Saturday, 31 August 2024

Creationism Refuted - A Marine Relative of Mycobacterium Tuberculosis Shares 80% Of Its Genome


A new species of bacterium, related to Mycobacterium tuberculosis has been found living in a sponge on the Great Barrier Reef.
TB under the sea: A marine sponge microbe provides insights into the evolution of tuberculosis | Doherty Website

Tell a creationists that humans and chimpanzees have 98% of their genomes in common, and they'll tell you this doesn't prove common origins or 'macro-evolution', but show them evidence that two bacteria have evolved from a common ancestor because they have 80% of their genome in common and they'll tell you this doesn't mean they've evolved because they are both still 'bacteria kind'.

So, why doesn't 98% commonality mean humans and chimpanzees are both still 'ape kind'?

But the evidence that the two bacteria, Mycobacterium tuberculosis, and the newly-discovered M. spongiae is compelling, and gives a clue as to the origins of M. tuberculosis, one of the most deadly pathogenic bacteria, possibly from marine origins.

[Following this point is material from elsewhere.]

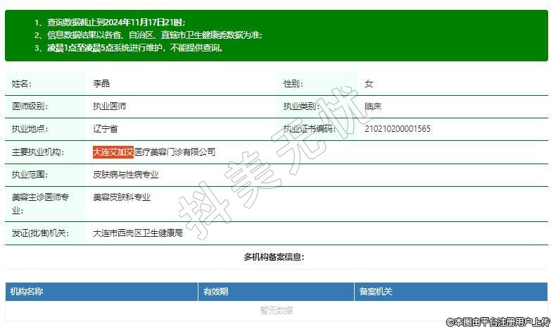 主要執(zhí)業(yè)機(jī)構(gòu):大連艾加艾醫(yī)療美容門診有限公司

What information do you have on the evolutionary origins of Mycobacterium tuberculosis? Mycobacterium tuberculosis (Mtb), the causative agent of tuberculosis (TB), has a complex evolutionary history shaped by its adaptation to human hosts. Understanding the evolutionary origins of Mtb involves examining its genetic relationships with other mycobacteria, its divergence and spread among human populations, and its adaptations over time.
  1. Genetic and Evolutionary Background:
    • Mycobacterium Tuberculosis Complex (MTBC): Mtb is part of the Mycobacterium tuberculosis complex (MTBC), a group of genetically related bacteria that cause tuberculosis in humans and other animals. This complex includes several species such as M. tuberculosis (primarily human pathogen), M. bovis (cattle), M. africanum (humans, mainly in West Africa), and M. microti (voles), among others. All members of the MTBC have remarkably conserved genomes with >99.9% nucleotide identity, indicating a relatively recent common ancestor.
    • Relationship with Environmental Mycobacteria: Mtb and other members of the MTBC evolved from environmental mycobacteria, which are free-living organisms found in soil and water. The closest relatives to the MTBC are species like Mycobacterium canettii and other "smooth" tubercle bacilli that are found mainly in East Africa. These strains display more genetic diversity than Mtb and its close relatives, suggesting that they represent an ancestral pool from which MTBC members evolved.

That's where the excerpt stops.